Why does LGBTQ heritage matter?

The influence of ‘queer’ people upon Britain’s social, cultural, intellectual, and economic spheres resonates across time and space – LGBTQ (Lesbian, Gay, Bisexual, Transgender, Queer) heritage is everywhere. Yet stories about Britain’s national and cultural heritage tend to reflect a ‘heterosexual past’; ‘queer’ history and heritage has been blighted by the long criminal persecution and moral condemnation of gender and sexual nonconformity.
Identifying LGBTQ heritage
‘Heritage’ has as much to do with place and history as it does with identity and culture. Broadly, it is about the preservation, commemoration and restoration of a nation’s cultural legacies.
‘LGBTQ’ heritage can therefore refer to the histories of individuals and communities who have been marginalised on the grounds of their ‘alternative’ sexual and/or gender identifications and practices. Equally, its definition can be expanded to include aspects of art, literature, and architecture whose cultural importance is, in various ways, significantly bound up with the social history of same-sex love and desire, and gender diversity.
Heritage and place
Place documents, stages, and creates history and identity. People shape place, and place shapes people. This intertwined relationship between space and the social allows a way of understanding how sexually nonconformist attachments were formed in certain places, and how those relationships, past and present, adapt and alter heterosexual understandings of intimacy, family life, friendship, and ways of loving and desiring.
Domestic spaces
Domestic spaces have long afforded privacy and sanctuary to those leading sexually unconventional lives. For example, in the early decades of the twentieth-century, Priest’s House, a Kentish country house in the grounds of Smallhythe Place, was home to theatre director and producer Edith Craig, who lived in a ménage-a-trois with writer Christopher St John (previously Christabel Marshall) and artist Clare ‘Tony’ Atwood. Here, they led productive lives as lovers and as colleagues.
In the city
‘Queer’ heritage finds wide and varied expression in the city. Throughout the nineteenth and twentieth centuries, London’s Soho district in particular, for example, was home to a vivacious underground world of clubs and bars. Whilst very few, if any, of these bars were specifically established for LGBTQ people, they functioned as tolerant social spaces for London’s queer population.
Activism, community, resistance
Heritage can be about more than place – it can relate to other forms of cohesion that bring communities together and elementally shape social identities. Political activism and campaigning might therefore be considered a kind of heritage, one that is crucial to LGBTQ people and their ongoing struggle against legal oppression and social marginalisation.
The 1970s and 1980s saw a particular surge in this activity. Identity-based groups, such as the Gay Liberation Front (formed in October 1970), women’s liberation and black feminist organisations, fostered broad communities of resistance, turning houses, bars, pubs, and queer-based shops into political bases and headquarters.

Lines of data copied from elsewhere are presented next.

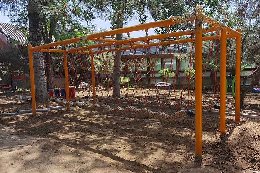 繩網(wǎng)橋,走在上面是不是 有空中行走的感覺,相當(dāng)鍛煉孩子們的膽量了。
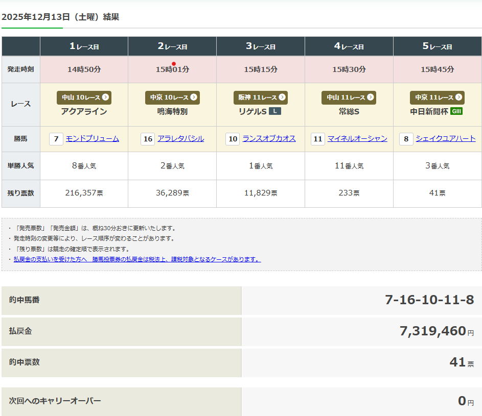 8番人気ー2番人気ー1番人気ー11番人気ー3番人気で人気の和が25、的中票数が41票、配当が7,319,460円。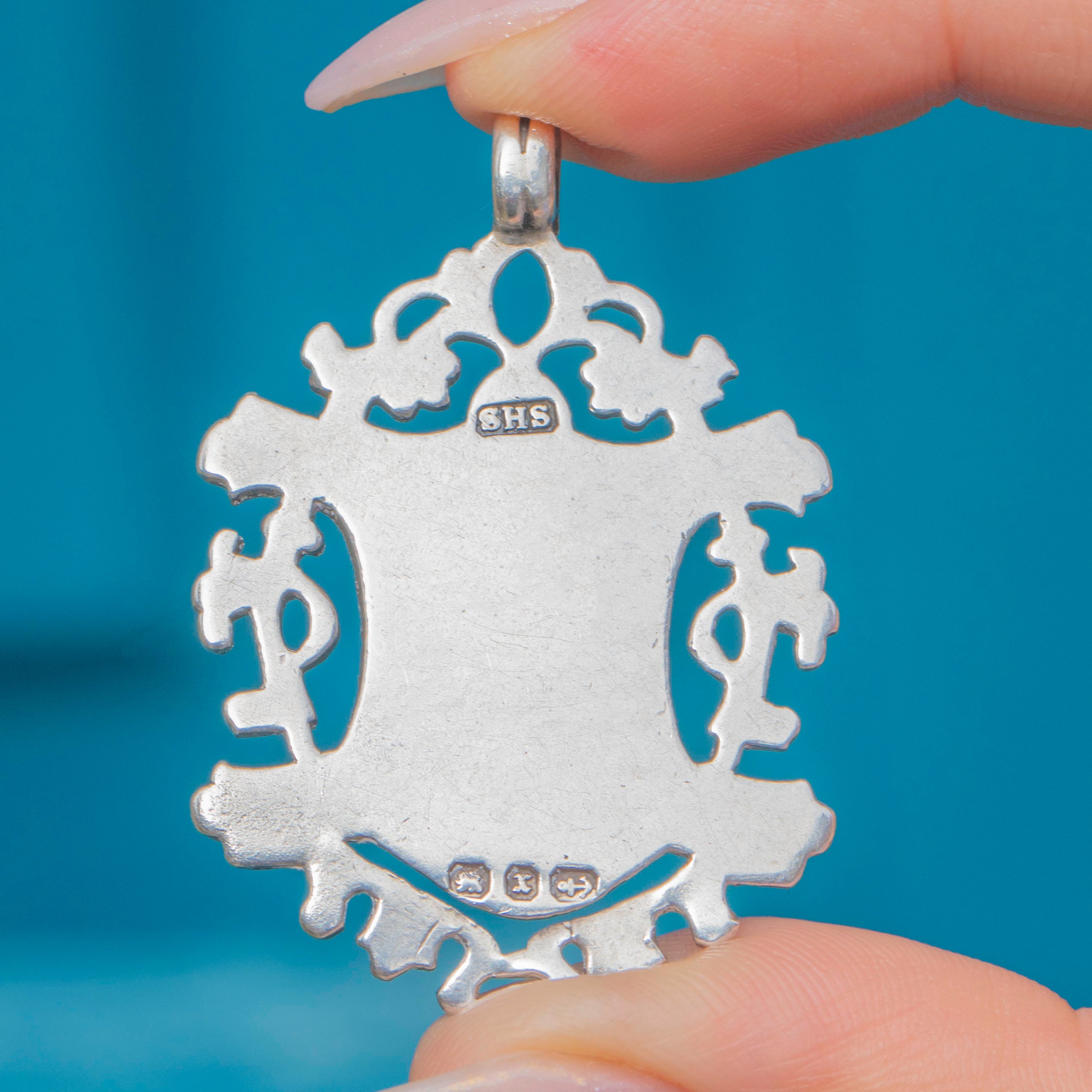 Decorative Antique Sterling Silver Medal Fob Pendant c.1897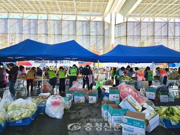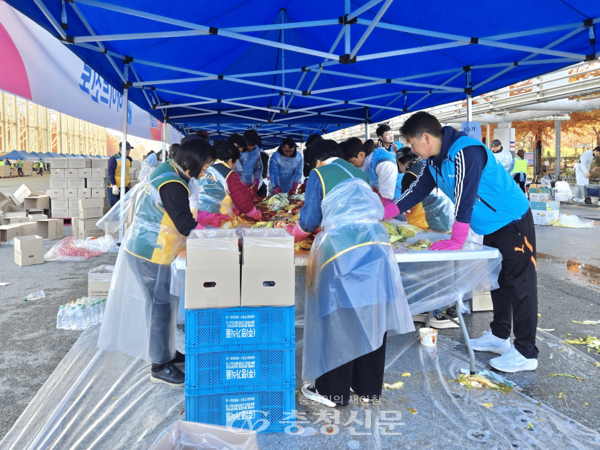 [충청신문=대전] 김해인 기자 = 12일 오전 대전 엑스포시민광장에서 열린 ‘제17회 따뜻한 겨울나기 김장대봉사’ 현장에서 자원봉사자들이 배추 속을 버무리고 있다. (사진=김해인 기자)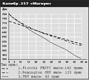 Рис.11.Изменение кинетической энергии поражающих элементов патрона .357 "Magnum" |

The rapid rise in HIV/AIDS diagnoses during the latter decades of the twentieth and early twenty-first centuries gave particular impetus to these political battles. A significant part of the preservation of LGBTQ heritage is concerned with the commemoration of lives lost and demystification of the ongoing stigma attached to homosexuality and HIV.
Recovering marginalised histories
‘Queer’ heritage is about remembering and, in a way, celebrating, a painful and complicated past, as well as repairing and restoring it. Some narratives of certain LGBTQ histories are overt and well-known, such as the life of the sexually adventurous writer, poet, and gardener Vita Sackville-West. Others are more obscure and speculative.
Understanding and foregrounding LGBTQ heritage opens up the possibility for recovering those histories and telling the stories of the people of Britain’s queer past on their own terms.